# multiplicándose él de la rueda a las escotas



## maracujanicaragua

Hallo,
ich habe eine Frage mit Bezug auf den folgenden Satz:
< Una graciosa virada, *multiplicándose él de la rueda a las escotas*, y en seguida con Marc y Santi al cuidado del timón, sin perderlos de vista, eso sí, y ayudado por unos y por otros, desganitándose, claro, pero impartiendo únicamente órdenes claras, comprensibles, y eludiendo el vocabulario marinero !hala!, todas las velas útiles arriba: dios foques, una trinqueta, la mayor y la mesana. >

Es handelt sich um ein auslaufendes Schiff, auf dem ein erfahrener Seemann ist, sowie eine Schulklasse, die zum ersten Mal auf einem Schiff sind.

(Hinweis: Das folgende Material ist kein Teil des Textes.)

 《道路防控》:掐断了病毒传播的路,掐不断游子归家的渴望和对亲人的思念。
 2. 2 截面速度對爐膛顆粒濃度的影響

Ich möchte diesen Satz gerne übersetzen, weiß aber nicht, wie ich den fettmarkierten Teil verstehen soll. Im übrigen Satz findet sich 'timón', also was ist 'rueda'? Denn andernfalls hätte ich gedacht, dass der fettmarkierte Teil aussagt, dass der Protagonist zwischen den Segelleinen und dem Steuer hin- und hereilt. Hablantes nativos? 

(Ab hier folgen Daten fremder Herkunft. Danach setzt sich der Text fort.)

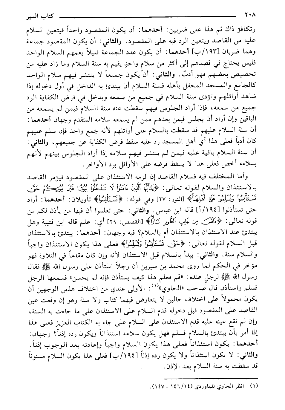 وأما المختلف فيه فسلام القاصد إذا لزمه الاستئذان على المقصود فيؤمر القاصد بالاستئذان والسلام لقوله تعالى: {يَا أَيُّهَا الَّذِينَ آمَنُوا لاَ تَدْخُلُوا بُيُوتًا غَيْرَ بُيُوتِكُمْ حَتَّى تَسْتَانِسُوا وَتُسَلِّمُوا عَلَى أَهْلِهَا} وفي قوله: {تَسْتَانِسُوا} تأويلان: أحدهما: أراد حتى تستأذنوا قاله ابن عباس. والثاني: حتى تعلموا أن فيها من يأذن لكم من قوله تعالى: {آنَسَ مِن جَانِبِ الطُّورِ نَارًا} أي: علم، قاله ابن قتيبة وهل يبتدئ عند الاستئذان بالاستئذان أم بالسلام؟ فيه وجهان: أحدهما: يبتدئ بالاستئذان قبل السلام لقوله تعالى: {حَتَّى تَسْتَانِسُوا وَتُسَلِّمُوا} فعلى هذا يكون الاستئذان واجبًا والسلام سنة. والثاني: يبدأ بالسلام قبل الاستئذان لأنه وإن كان مقدمًا في التلاوة فهو مؤخر في الحكم لما روى محمد بن سيرين أن رجلًا استأذن على رسول الله صلى الله عليه وسلم فقال رسول الله صلى الله عليه وسلم لرجل عنده: " قم فعلم هذا كيف يستأذن فإنه لم يحسن" فسمعها الرجل فسلم واستأذن قال صاحب "الحاوي": الأولى عندي من اختلاف هذين الوجهين أن يكون محمولًا على اختلاف حالين لا يتعارض فيهما كتاب ولا سنة وهو إن وقعت عين القاصد على المقصود قبل دخوله قدم السلام على الاستئذان على ما جاءت به السنة، وإن لم تقع عينه عليه قدم الاستئذان على السلام على ما جاء به الكتاب العزيز فعلى هذا إذا أمر بأن يبتدئ بالسلام فسلم فهل يكون سلامه استئذانًا ويكون رده إذنًا؟ وجهان: أحدهما: يكون استئذانًا فعلى هذا يكون السلام واجبًا وإعادته بعد الوجوب إذنًا. والثاني: لا يكون استئذانًا ولا يكون رده إذنًا فعلى هذا يكون السلام مسنونًا قد سقطت به سنة السلام بعد الإذن.

Le agradezco mucho su ayuda.


----------



## spanien

Hallo,

ich kann leider nicht alles übersetzen. Ich kenne mich mit Schiffe nicht gut aus, um nach Deutsch zu übersetzen !

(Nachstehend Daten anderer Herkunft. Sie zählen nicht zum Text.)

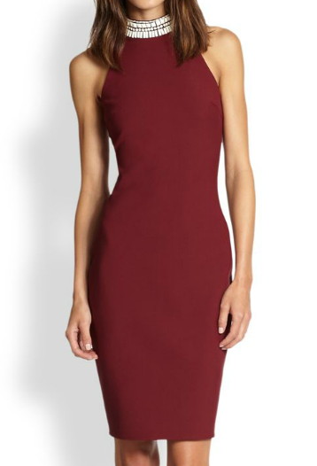 シックなボルドーカラーのレーザーバックドレスに、ネックラインのビーズが素敵です。
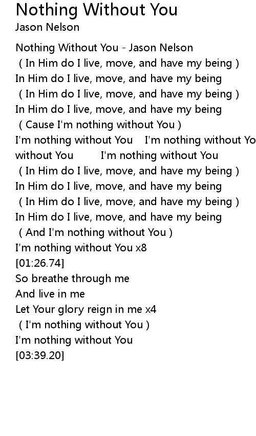 | [00:01.09] | Nothing Without You - Jason Nelson |
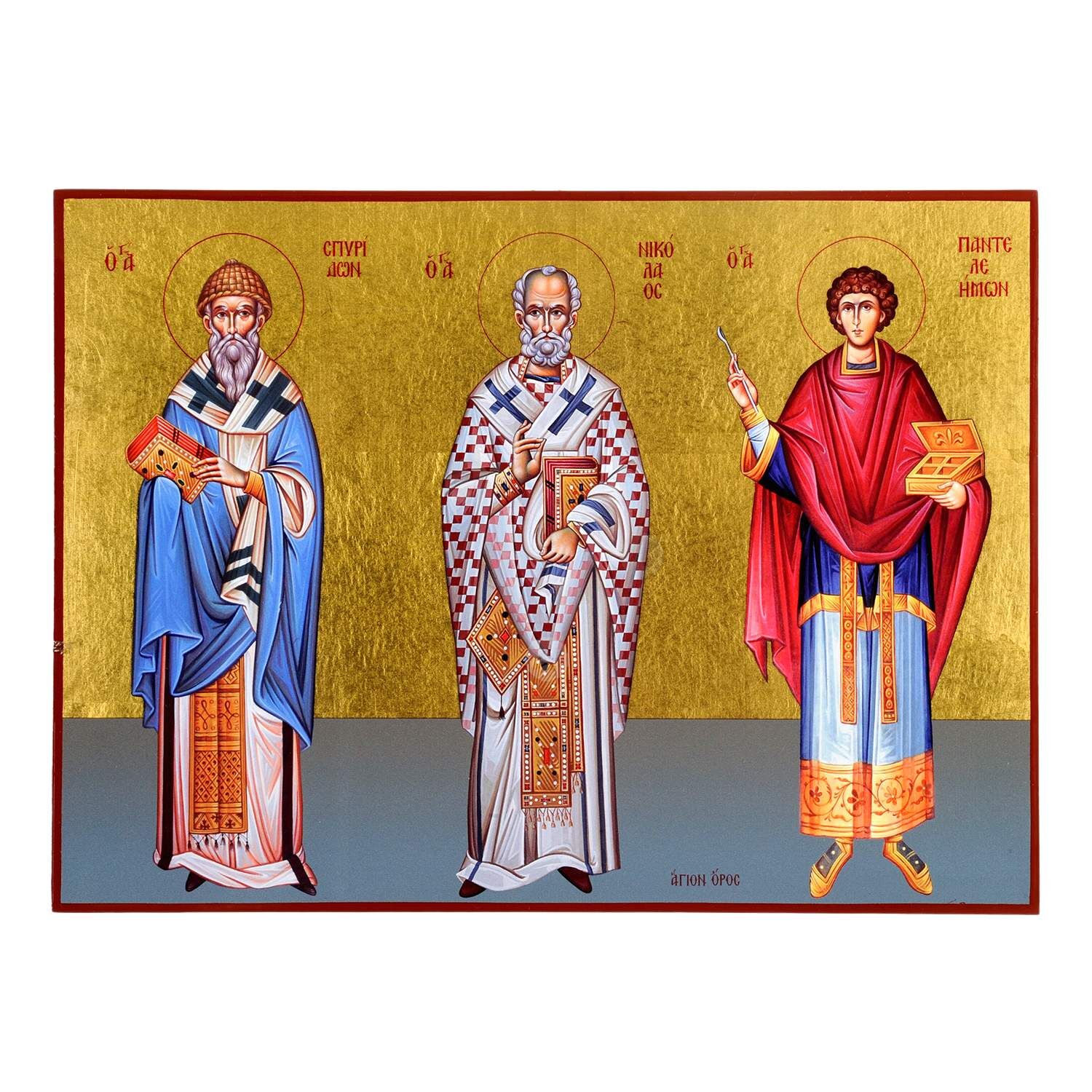 Mount Athos serigraph (icon) of Saints Spyridon, Nicholas & Panteleimon on wood with real gold leaves.

timón= Steuer des Schiffes
multiplicar= mal
rueda= rad
escota = Schot

Ich hoffe, dass es dir hilft!


----------



## giberian

maracujanicaragua said:


> Ich möchte diesen Satz gerne übersetzen, weiß aber nicht, wie ich den fettmarkierten Teil verstehen soll. Im übrigen Satz findet sich 'timón', also was ist 'rueda'? Denn andernfalls hätte ich gedacht, dass der fettmarkierte Teil aussagt, dass der Protagonist zwischen den Segelleinen und dem Steuer hin- und hereilt.



Hallo Marita 
meiner Meinung nach hast du den Satz schon richtig verstanden. _Rueda_ ist auch für mich das Steuerrad, jedenfalls kann ich keine anderweitige Bedeutung dafür finden. Es ist aber gar nicht unlogisch, dass der erfahrene Seeman sich zw. Steuer und dem Segel im übertragenen Sinn "vervielfacht", d.h. abrackert (Drae: "multiplicar" * 5.     * prnl. Afanarse ...), weil er ja sonst nur "Leichtmatrosen" (unerfahrene Seeleute) an Bord hat, glaubst du nicht?
Gruß, Giberian.


----------



## uguban

Vielleicht so:

Eine anmutige Wende, und er überall gleichzeitig, vom Steuerad bis zum Schot, und dann gleich ...


----------



## Quelle

El DRAE también da esta definición:
multiplicar
*4. *tr._ Mec._ Aumentar el número de vueltas de una pieza giratoria mediante un engranaje en el que esta tiene una rueda con un número de dientes menor que otra que actúa sobre ella


----------



## giberian

Es handelt sich hier aber um die pronominale Form des Verbs (_multiplicar*se*_), Subjekt ist eindeutig der Seemann, weshalb Nr* 5.     * prnl. Afanarse, desvelarse die naheliegenste Bedeutung ist. Dieses wird außerdem im Kontext der Seefahrt gebraucht, konkreter: des Segelns, das meines bescheidenen Wissens nach ohne mechanisches Räderwerk auskommt. Die Übersetzung von uguban finde ich sehr treffend! Gruß, Giberian


----------



## maracujanicaragua

giberian said:


> Die Übersetzung von uguban finde ich sehr treffend! Gruß, Giberian



Ja, das finde ich auch. Jetzt verstehe ich diesen Satz, denke ich.
Muchísimas gracias a todos, besonders giberian und uguban!


----------



## Gatopeter

Escotas son, en esta frase, ciertos cabos usados para atar las velas -el velamen-. El "marino experimentado"(dirige la embarcación con la rueda, o sea con la rueda del timón) y va apuradamente del timón a las escotas  - o cabos- . ( Hay un nudo específico para esto que se llama "vuelta de escota" y se usa para atar velas con cabos). Marc y Santi quedaban al cuidado del timón (Rueda= Rueda del timón) cuando el "erfahrener Seemann" se encontraba trabajando con las escotas. Eso sí: él los miraba vigilante para ver si Marc y Santi lo hacían bien al timón.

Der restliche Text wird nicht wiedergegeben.